Pandemic influenza vaccines.

作者信息

DiMenna Lauren J, Ertl Hildegund C J

机构信息

The Wistar Institute, 3601 Spruce St, Philadelphia, PA 19104, USA.

出版信息

Curr Top Microbiol Immunol. 2009;333:291-321. doi: 10.1007/978-3-540-92165-3_15.

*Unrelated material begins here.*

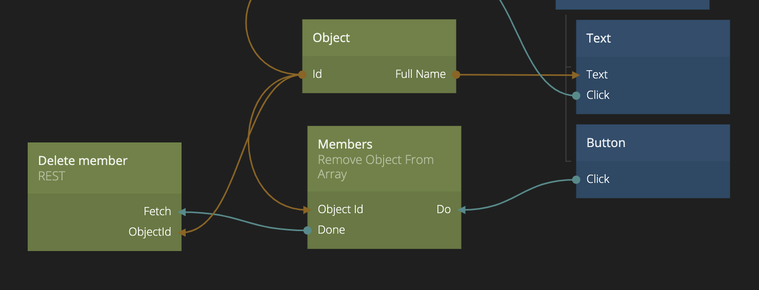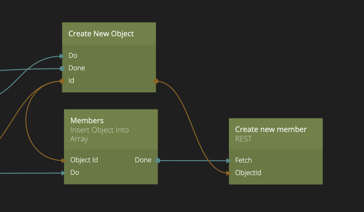 This is, when the newly created member object have been added to the Array we will trigger the REST request by connecting the Done output signal from the Insert Object Into Array node to the Fetch input on the REST node. We will also make sure to connect the Id of the newly created object to the custom ObjectId input that we are using in our request script in the REST node.

DOI:10.1007/978-3-540-92165-3_15
PMID:19768412
原文链接:https://pmc.ncbi.nlm.nih.gov/articles/PMC7121491/
Abstract

Since their compositions remain uncertain, universal pandemic vaccines are yet to be created. They would aim to protect globally against pandemic influenza viruses that have not yet evolved. Thus they differ from seasonal vaccines to influenza virus, which are updated annually in spring to incorporate the latest circulating viruses, and are then produced and delivered before the peak influenza season starts in late fall and winter. The efficacy of seasonal vaccines is linked to their ability to induce virus-neutralizing antibodies, which provide subtype-specific protection against influenza A viruses. If pandemic vaccines were designed to resemble current vaccines in terms of composition and mode of action, they would have to be developed, tested, and mass-produced after the onset of a pandemic, once the causative virus had been identified. The logistic problems of generating a pandemic vaccine from scratch, conducting preclinical testing, and producing billions of doses within a few months for global distribution are enormous and may well be insurmountable. Alternatively, the scientific community could step up efforts to generate a universal vaccine against influenza A viruses that provides broadly cross-reactive protection through the induction of antibodies or T cells to conserved regions of the virus.

摘要

由于其成分仍不确定,通用大流行疫苗尚未研制出来。它们旨在为全球提供针对尚未演变的大流行性流感病毒的保护。因此,它们不同于流感病毒季节性疫苗,后者在春季每年更新以纳入最新流行的病毒,然后在秋季末和冬季流感季节高峰开始之前生产和交付。季节性疫苗的效力与其诱导病毒中和抗体的能力有关,这些抗体可提供针对甲型流感病毒的亚型特异性保护。如果大流行疫苗在成分和作用方式上设计得与当前疫苗相似,那么一旦确定致病病毒,就必须在大流行开始后进行研发、测试和大规模生产。从零开始生产大流行疫苗、进行临床前测试并在几个月内生产数十亿剂用于全球分发的后勤问题巨大,很可能无法克服。或者,科学界可以加大力度研发一种针对甲型流感病毒的通用疫苗,通过诱导针对病毒保守区域的抗体或T细胞来提供广泛的交叉反应保护。